13

How to get last 'n' groups after df.groupby() and combine them as a dataframe. 

data = pd.read_sql_query(sql=sqlstr, con=sql_conn, index_col='SampleTime')
grouped = data.groupby(data.index.date,sort=False)

After doing grouped.ngroups i am getting total number of groups 277. I want to combine last 12 groups and generate a dataframe.

jpp
  • 159,742
  • 34
  • 281
  • 339
stockade
  • 277
  • 3
  • 10

5 Answers5

11

Pandas GroupBy objects are iterables. To extract the last n elements of an iterable, there's generally no need to create a list from the iterable and slice the last n elements. This will be memory-expensive.

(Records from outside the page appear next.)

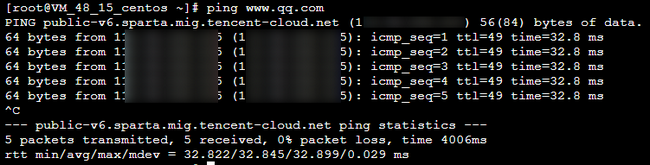 2. Execute o comando ping <public IP address>, como ping www.qq.com para testar a conectividade da rede pública.
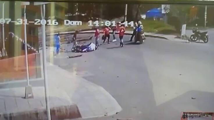 En el video se ve como cae una pesada rama sobre los motociclistas que llegaban a Piedecuesta.
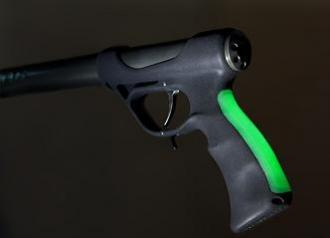 2. Удобная рукоять, с большим отверстием под указательный палец. Также на нее нанесено специальное покрытие от проскальзования с резиновой ярко-оранжевой накладкой с тыльной стороны, для удобства удержания. Внутри рукояти имеется герметичная полость, повышающая общую плавучесть ружья, а также предотвращающая эффект холодной рукояти. Отверстие в нижней части рукоятки для возможности крепления страховочного резинового кольца
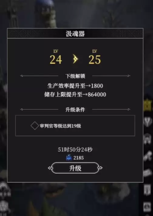 升级后的汲魂器每小时能产出60个单位魂力,更高级别会提升产量。但要注意存储上限会随着角色等级变化:10级时可储存1000个,25级提升至2500个。有趣的是,这一上限在后期将保持恒定,即使角色升到50级也不会再增加。
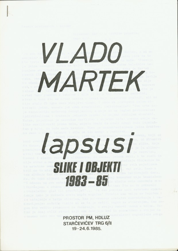 catalogue of the exhibition "lapsusi - Slike i objekti 1983-85" of Vlado Martek in PM; text "Pesnik, predpesnik i slikar" by Mića Bašičević
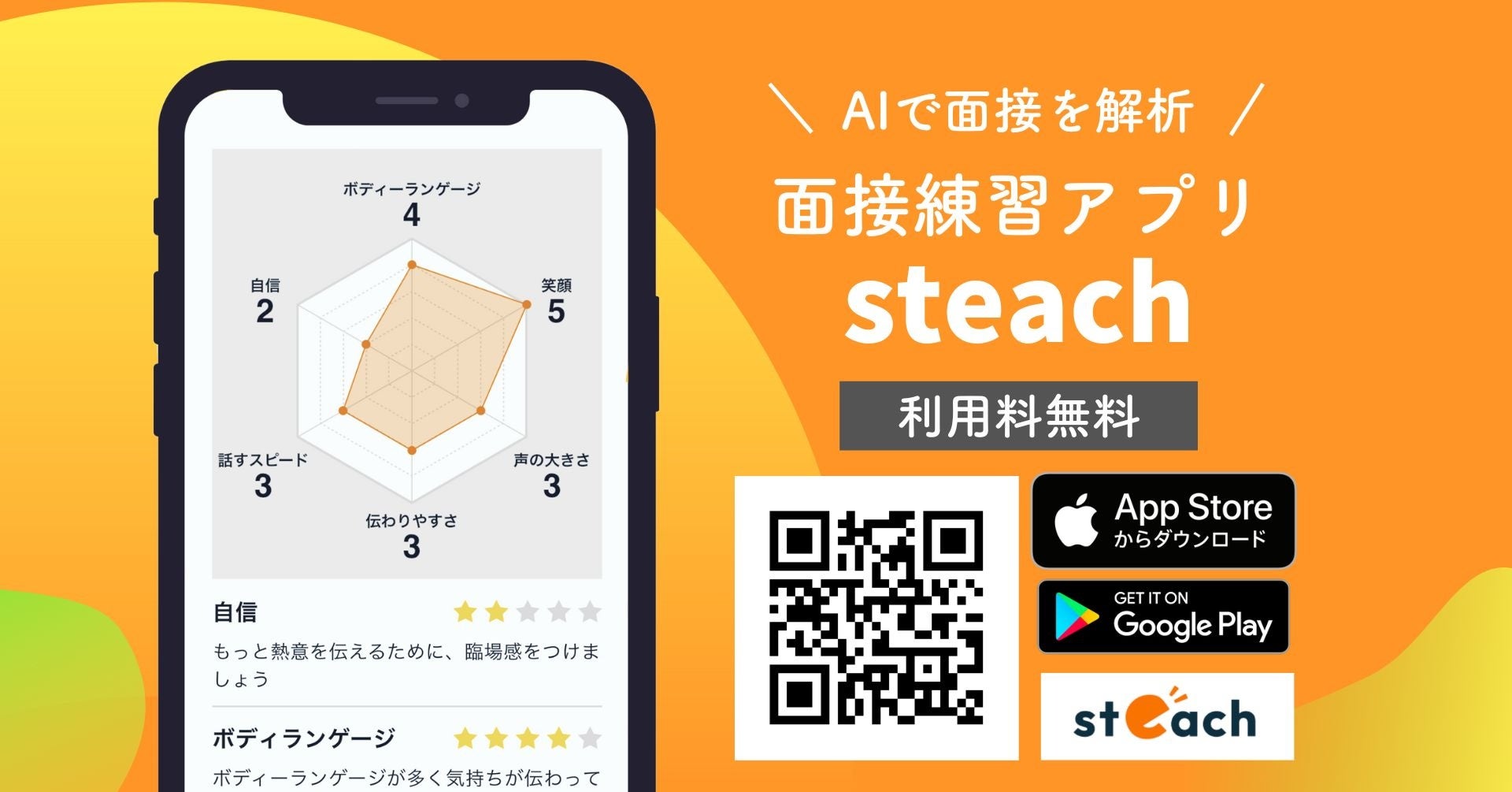 steachは、ユーザーがスマホで面接の質問に回答した音声と動画をAIエンジンが解析し、表情、声、身振りに加えて、文脈を解析することで定量的なアドバイスをAIが行います。面接で頻出する質問のパターンを用意しており、新卒、転職、アルバイトなどの多様な面接シーンで活用いただけます。
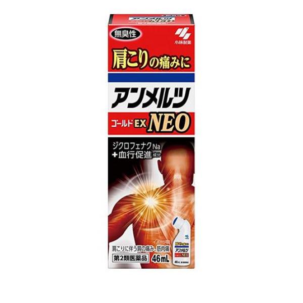 ●アンメルツゴールドEX NEO(イーエックスネオ)●肩こりの痛みに●ジクロフェナクが患部に浸透、痛みを鎮める●3種の血行促進成分がジンジン温かな実感とともに、滞った患部の血流を改善●l-メントール5%配合、爽快な使い心地●90mLは、背中まで届く、ロングボトル

Instead, you can use either itertools.islice (as suggested by @mtraceur) or collections.deque. Both work in O(n) time.

itertools.islice

Unlike a generator, a Pandas GroupBy object is an iterable which can be reused. Therefore, you can calculate the number of groups via len(g) for a GroupBy object g and then slice g via islice. Or, perhaps more idiomatic, you can use GroupBy.ngroups. Then use pd.concat to concatenate an iterable of dataframes:

from operator import itemgetter

g = data.groupby(data.index.date, sort=False)
res = pd.concat(islice(map(itemgetter(1), g), max(0, g.ngroups-12), None))

collections.deque

Alternatively, you can use collections.deque and specify maxlen, then concatenate as before.

from collections import deque

grouped = data.groupby(data.index.date, sort=False)
res = pd.concat(deque(map(itemgetter(1), grouped), maxlen=12))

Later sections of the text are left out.